In 1835 he made ready for another exploration, this time to the Philippines. He continued to collect shells there but he also became interested in the rich and varied flora of the islands. In his four years of combing the Philippines, Singapore, St. Helena, and the Malacca areas, he collected magnificent series of the shells of land snails. He was aided greatly in these collections by hiring the services of local schoolchildren, who gladly scoured the wood and forests for plants and snails.

This enabled him to assemble the richest collection gathered by a single individual up to that time. It included 130,000 specimens of dried plant material, 30,000 conchological species and varieties, large numbers of birds, reptiles, quadrupeds and insects, and numerous living orchid plants, thirty-three of them species previously unknown to science. In the Philippine Journal of Science he is quoted as stating: "The greatest object of my ambition is to place my collection in the British Museum that it may be accessible to all the scientific world and where it would afford to the public eye a striking example of what has been done by the personal industry and means of one man." Toward this end, in later years he financed several collectors to carry on the same work.

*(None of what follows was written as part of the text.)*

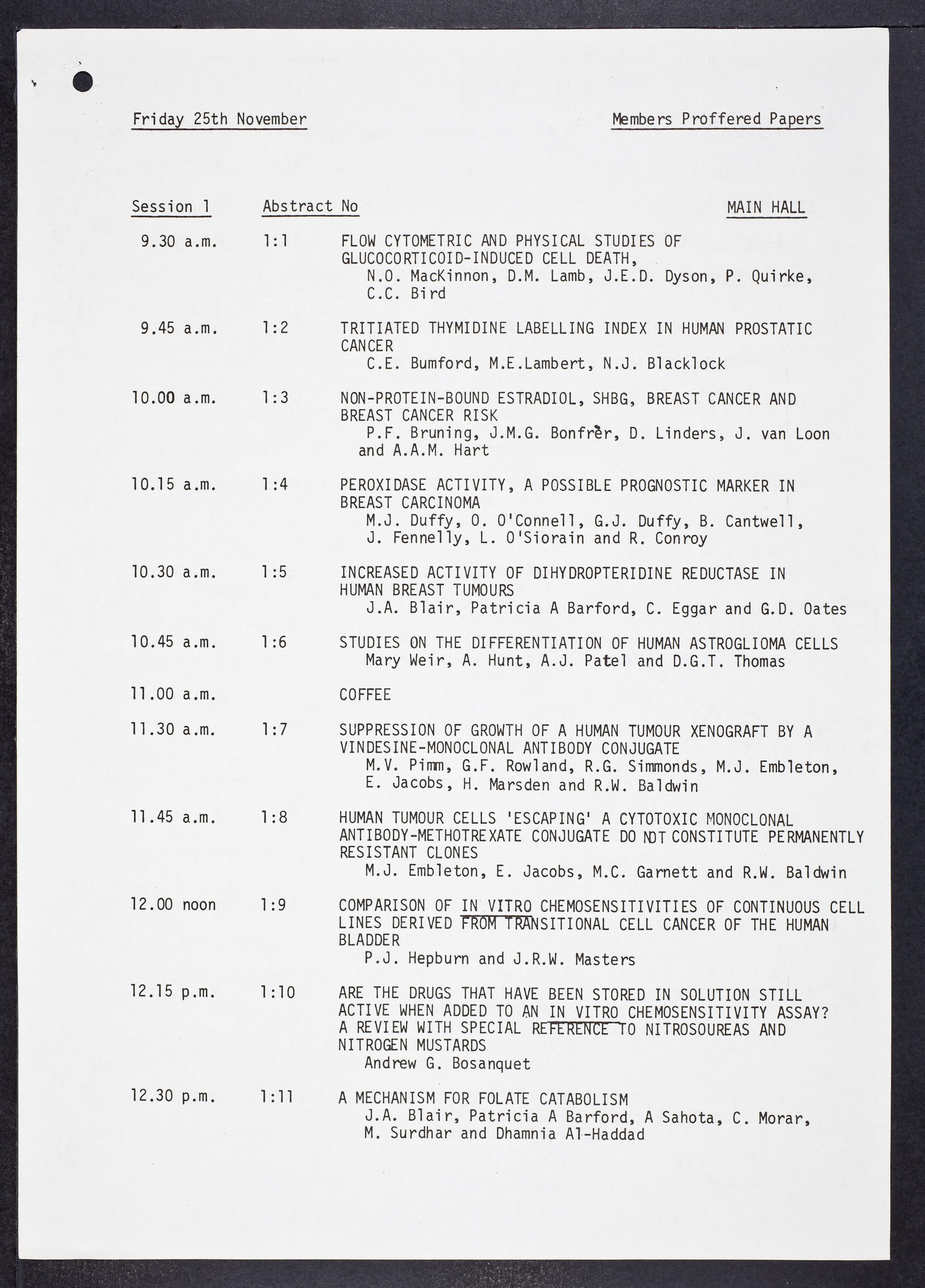 Program for the British Association for Cancer Research/ Imperial Cancer Reseach Fund Joint Winter Meeting

His orchid discoveries were numerous, and he became the first to ship living orchids successfully from Manila to England. A number of orchids bear his name: Coelogyne cumingii, Podochilus cumingii, etc. The tree fern Cibotium cumingii is also named after Cuming.

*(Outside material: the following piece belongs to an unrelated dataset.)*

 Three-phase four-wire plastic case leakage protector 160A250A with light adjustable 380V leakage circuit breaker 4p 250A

Cuming is commemorated in the scientific names of five species of Philippine reptiles: Eutropis cumingi, Luperosaurus cumingi, Otosaurus cumingii, Ramphotyphlops cumingii, and Varanus cumingi. Additionally the scientific identifier of a bird, the Scale-feathered Malkoha , endemic to the northern provinces of The Philippines, carries Cuming's name: Dasylophus Cumingi.

==After his death==
In 1866, after Cuming's death on August 10, 1865, the Natural History Museum of London purchased 82,992 of his specimens for £6,000. Many important conchological works were based on this collection, including Reeve's Conchologia Iconica (1843-1878, 20 volumes) and the Sowerby's Thesaurus Conchyliorum (1842-1887, five volumes).

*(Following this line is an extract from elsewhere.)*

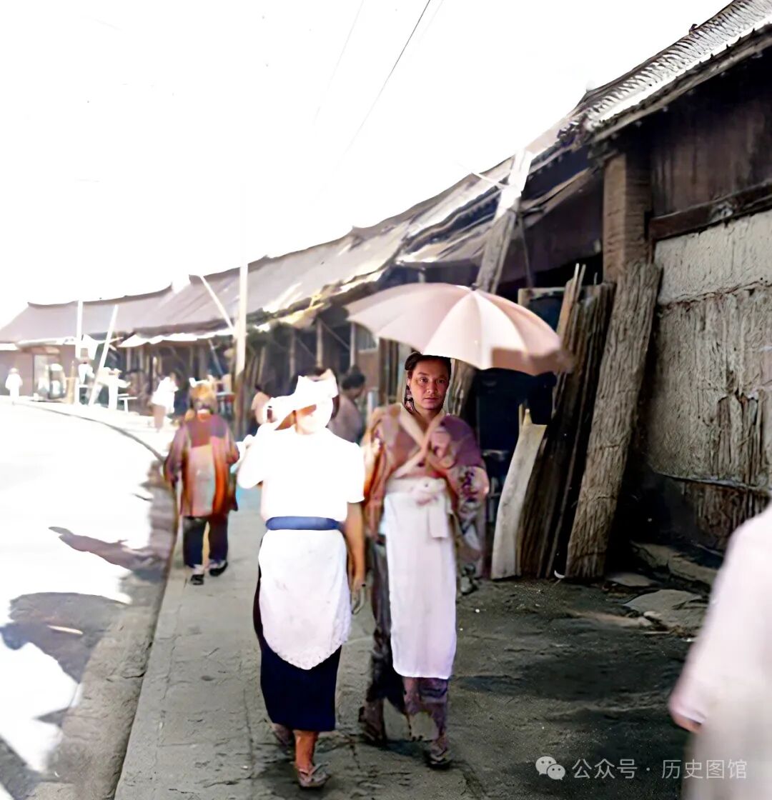 沦陷后的徐州街景,街边建筑古色古香,很有年代感。街道上没有什么人,冷冷清清的。两名日本女子打着伞从街头走过,她们脚上穿的木屐清晰可见。

Overall, Cuming collected approximately 130,000 herbarium specimens over his life. Botanical specimens collected by Cuming are held by the Moscow University Herbarium, the National Herbarium of the Netherlands, Royal Botanic Gardens, Kew, the Missouri Botanical Garden, the Geneva Botanical Garden, Harvard University Herbaria, Copenhagen University Botanical Museum, the New York Botanical Garden, the United States National Herbarium, National Museum of Natural History, France, and the National Herbarium of Victoria Royal Botanic Gardens Victoria.